+++ Exercise input
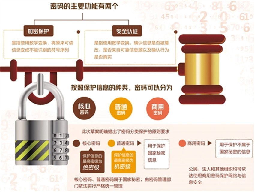 國家密碼管理局局長李兆宗作草案說明時說,密碼工作是黨和國家的一項特殊重要工作,直接關系國家安全。密碼在我國革命、建設、改革各個歷史時期,都發(fā)揮了不可替代的重要作用。進入新時代,密碼工作面臨著新的機遇和挑戰(zhàn),擔負著更加繁重的保障和管理任務,制定一部密碼領域綜合性、基礎性法律,十分必要。
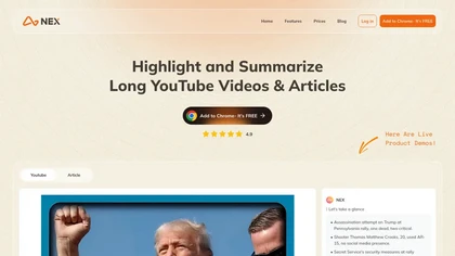 Nex uses AI to analyze YouTube videos and articles to get summaries and highlights in one click. (a free chrome extension to give summary and outline of Youtube videos or articles)
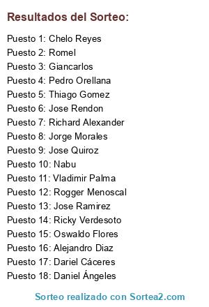 Lista de participantes: Dariel Cáceres, Jose Quiroz, Oswaldo Flores, Jose Rendon, Jose Ramirez, Chelo Reyes, Vladimir Palma, Alejandro Diaz, Daniel Ángeles, Jorge Morales, Giancarlos, Pedro Orellana, Rogger Menoscal, Ricky Verdesoto, Thiago Gomez, Romel, Nabu, Richard Alexander.
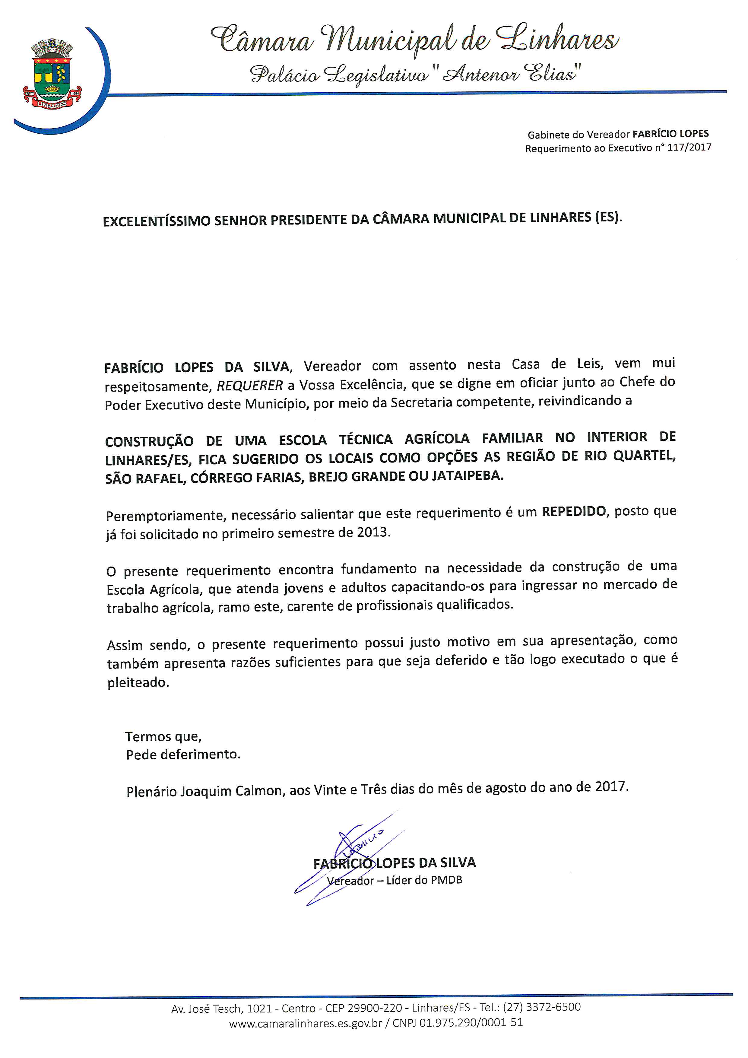 Ementa: REIVINDICANDO CONSTRUÇÃO DE UMA ESCOLA TÉCNICA AGRÍCOLA FAMILIAR NO INTERIOR DE LINHARES/ES, FICA SUGERIDO OS LOCAIS COMO OPÇÕES AS REGIÕES DE RIO QUARTEL, SÃO RAFAEL, CÓRREGO FARIAS, BREJO GRANDE OU JATAIPEBA.
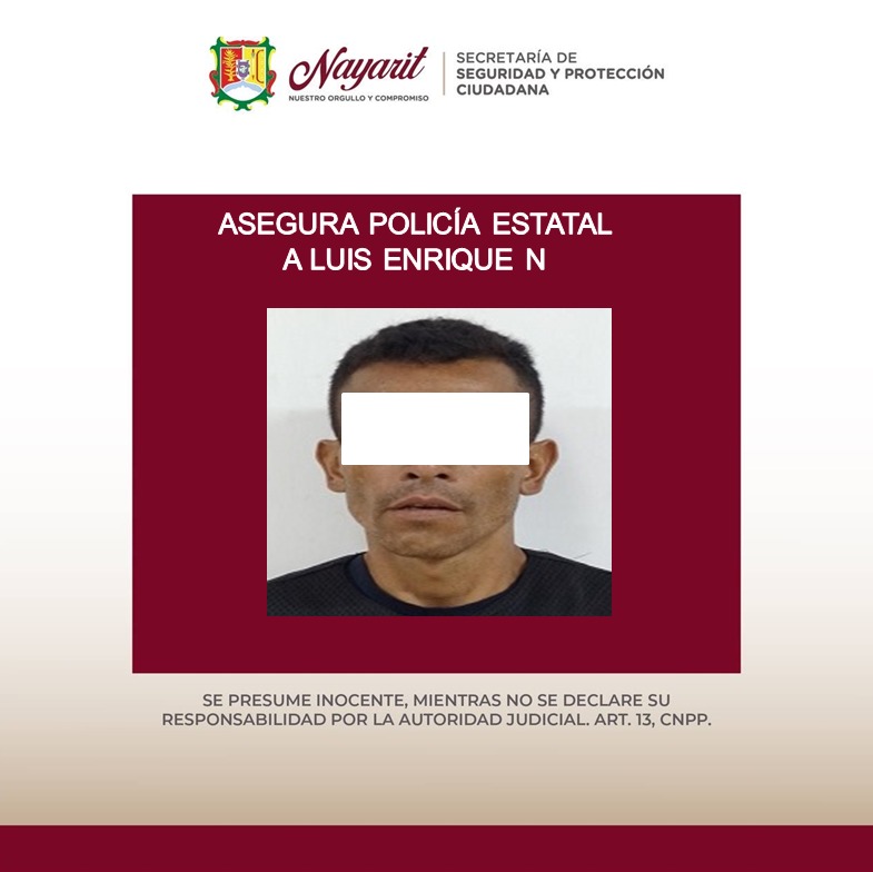 1.- Luis Enrique “N” “N”, de 38 años, en el municipio de San Blas, dando cumplimiento a la orden de aprehensión por su presunta participación en el hecho delictuoso de violencia familiar en agravio de una persona de sexo femenino.
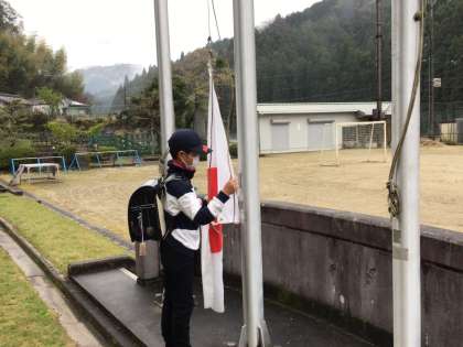 毎日、国旗を掲揚しています。今日は朝から雨が降っていたので、掲揚することを迷いましたがきっと雨は上がるだろうと・・・願いも込め、掲揚しました。
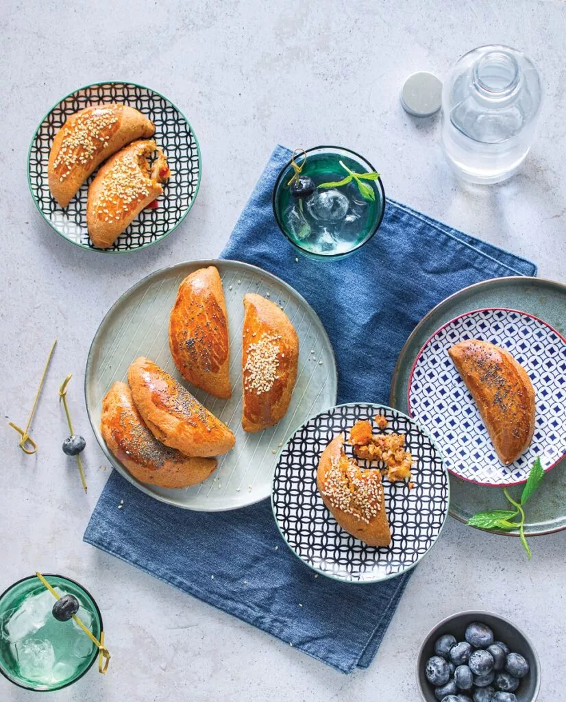 Αλείφουμε με τον κρόκο, πασπαλίζουμε με σουσάμι και παπαρουνόσπορο. Ψήνουμε τα πιτάκια για 25΄ να ροδίσουν καλά και σερβίρουμε.
++++++
Instructions to follow
Please print all of the records above exactly, omitting each picture.

Output
 國家密碼管理局局長李兆宗作草案說明時說,密碼工作是黨和國家的一項特殊重要工作,直接關系國家安全。密碼在我國革命、建設、改革各個歷史時期,都發(fā)揮了不可替代的重要作用。進入新時代,密碼工作面臨著新的機遇和挑戰(zhàn),擔負著更加繁重的保障和管理任務,制定一部密碼領域綜合性、基礎性法律,十分必要。
 Nex uses AI to analyze YouTube videos and articles to get summaries and highlights in one click. (a free chrome extension to give summary and outline of Youtube videos or articles)
 Lista de participantes: Dariel Cáceres, Jose Quiroz, Oswaldo Flores, Jose Rendon, Jose Ramirez, Chelo Reyes, Vladimir Palma, Alejandro Diaz, Daniel Ángeles, Jorge Morales, Giancarlos, Pedro Orellana, Rogger Menoscal, Ricky Verdesoto, Thiago Gomez, Romel, Nabu, Richard Alexander.
 Ementa: REIVINDICANDO CONSTRUÇÃO DE UMA ESCOLA TÉCNICA AGRÍCOLA FAMILIAR NO INTERIOR DE LINHARES/ES, FICA SUGERIDO OS LOCAIS COMO OPÇÕES AS REGIÕES DE RIO QUARTEL, SÃO RAFAEL, CÓRREGO FARIAS, BREJO GRANDE OU JATAIPEBA.
 1.- Luis Enrique “N” “N”, de 38 años, en el municipio de San Blas, dando cumplimiento a la orden de aprehensión por su presunta participación en el hecho delictuoso de violencia familiar en agravio de una persona de sexo femenino.
 毎日、国旗を掲揚しています。今日は朝から雨が降っていたので、掲揚することを迷いましたがきっと雨は上がるだろうと・・・願いも込め、掲揚しました。
 Αλείφουμε με τον κρόκο, πασπαλίζουμε με σουσάμι και παπαρουνόσπορο. Ψήνουμε τα πιτάκια για 25΄ να ροδίσουν καλά και σερβίρουμε.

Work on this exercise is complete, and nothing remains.